Messara notes that the Japanese racing model has a two-year-old programme that is alien to the Australian way. Juvenile precocity is not of particularly high value in a system that has its two-year-old Group 1 races, three of them, stacked up at the tail end of the year, and staged over a mile or 2000 metres.  

“We’re out of sync with the rest of the world in terms of concentration on speed,” he says. “The essence here in Australia is speed and precocity and that’s it, so the winner of the Golden Slipper is a sought-after commodity, the Guineas winner is slightly less, despite the versatility that brings to the table.”

He believes the Australian status quo will not last.

“That’s all going to change with time, I think, and it’s slow-changing. Australians want quick returns, they’re not patient, they’re looking for quicker returns than owners elsewhere.

“But at the end of the day only a small percentage of horses run as two-year-olds: you’ve only got to look at the stats. And only one horse will win the slipper from 12,000 horses that are born. It doesn’t make much sense but it’s the way the market is here.”

Messara also recalls a visit to Paris, to watch the Arc, and, in particular, an unimpressive-looking bay named Deep Impact.

“Someone said we should have a look at this horse to have a go at and I looked at him and said, ‘Not for me thanks’ and he turned out to be a champion stallion,” he says.

Deep Impact at Longchamp. (Photo by Getty Images)

“The Japanese are more driven on performance, which is worth thinking about when here we are more concerned with, ‘Oh, it’s not a perfect type,’ you know, and its leg turns out. And they might say, ‘Mate, he won with that leg and he won five Group 1s.’

“Of course, the Japanese farms, they also rely on selling on yearlings; we rely entirely, our cashflow comes from selling yearlings, a good two thirds of it, so we have to produce animals that at least look sound, good limbs and everything has got to be in the right place. But they’re a little bit more forgiving than we are.

“The (Yoshidas) took Sunday Silence that nobody else wanted and look at the legacy they built. Basically, not totally, but basically, they are performance driven.”

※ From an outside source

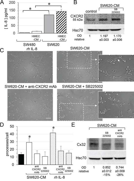 SW620 cell-secreted factors induce the endothelial Cx32 expression and tube formation via the cytokine receptor CXCR2

So far, the performances of Maurice’s initial offspring have lifted the profile of Japanese bloodlines to a new plane in Australia and Messara is optimistic there will be better yet to come.

“Last year’s book was absolutely exceptional, so I’m expecting a significant uptick in his progeny performance out of the 2022 coverings. We put some proper mares to him, I mean proper, proper,” he says.

It’s probably safe to say Messara won’t be in need of offloading any unwanted Maurice foals back to Japan any time soon.